(WORK ORDER)
A verbatim reproduction of the lines below, from the line containing "In [Original Size]" through the line containing "日比谷公園の北東の端あたりに", both ends included, is the whole required output.

(SUPPLIED RECORDS)
↓

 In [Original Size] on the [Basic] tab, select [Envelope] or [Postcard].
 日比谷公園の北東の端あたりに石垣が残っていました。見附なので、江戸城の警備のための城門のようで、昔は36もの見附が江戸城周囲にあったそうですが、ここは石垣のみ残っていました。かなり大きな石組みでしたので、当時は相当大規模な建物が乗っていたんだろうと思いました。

↑
↓

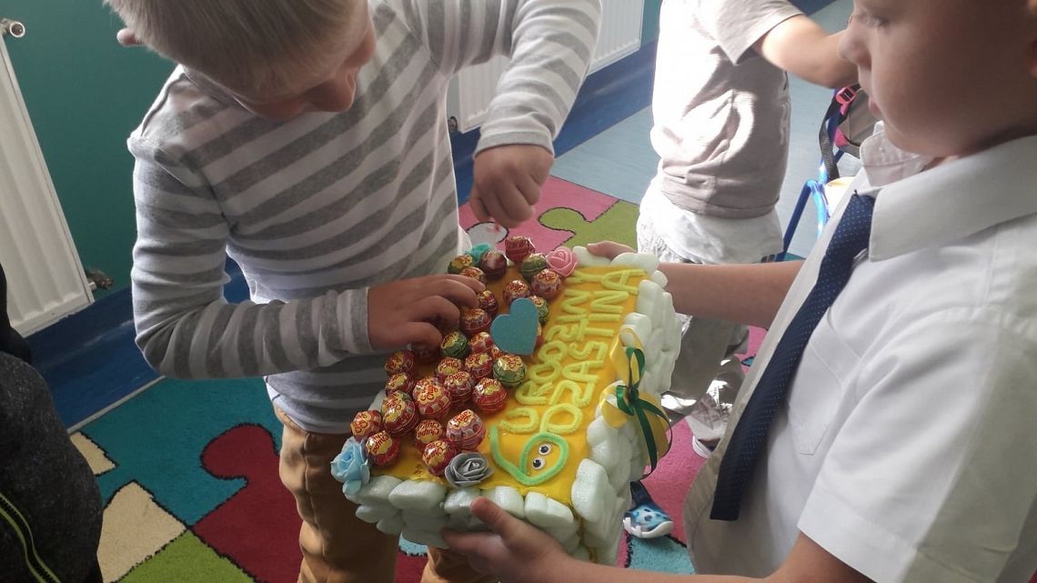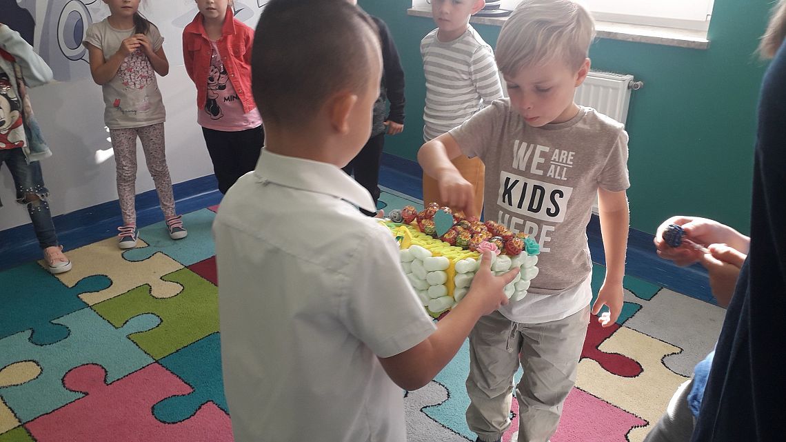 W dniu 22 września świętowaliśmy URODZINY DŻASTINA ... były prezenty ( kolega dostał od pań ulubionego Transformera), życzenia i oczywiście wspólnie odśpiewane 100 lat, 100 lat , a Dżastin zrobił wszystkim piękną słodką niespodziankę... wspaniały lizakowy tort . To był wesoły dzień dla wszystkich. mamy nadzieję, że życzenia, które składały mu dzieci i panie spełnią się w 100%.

↑
↓

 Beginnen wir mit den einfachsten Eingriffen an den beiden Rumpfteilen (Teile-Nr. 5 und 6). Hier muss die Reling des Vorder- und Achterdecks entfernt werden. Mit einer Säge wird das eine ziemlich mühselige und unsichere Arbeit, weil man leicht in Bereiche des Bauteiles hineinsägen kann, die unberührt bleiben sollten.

↑

(ANSWER TO THE PROBLEM)
 In [Original Size] on the [Basic] tab, select [Envelope] or [Postcard].
 日比谷公園の北東の端あたりに石垣が残っていました。見附なので、江戸城の警備のための城門のようで、昔は36もの見附が江戸城周囲にあったそうですが、ここは石垣のみ残っていました。かなり大きな石組みでしたので、当時は相当大規模な建物が乗っていたんだろうと思いました。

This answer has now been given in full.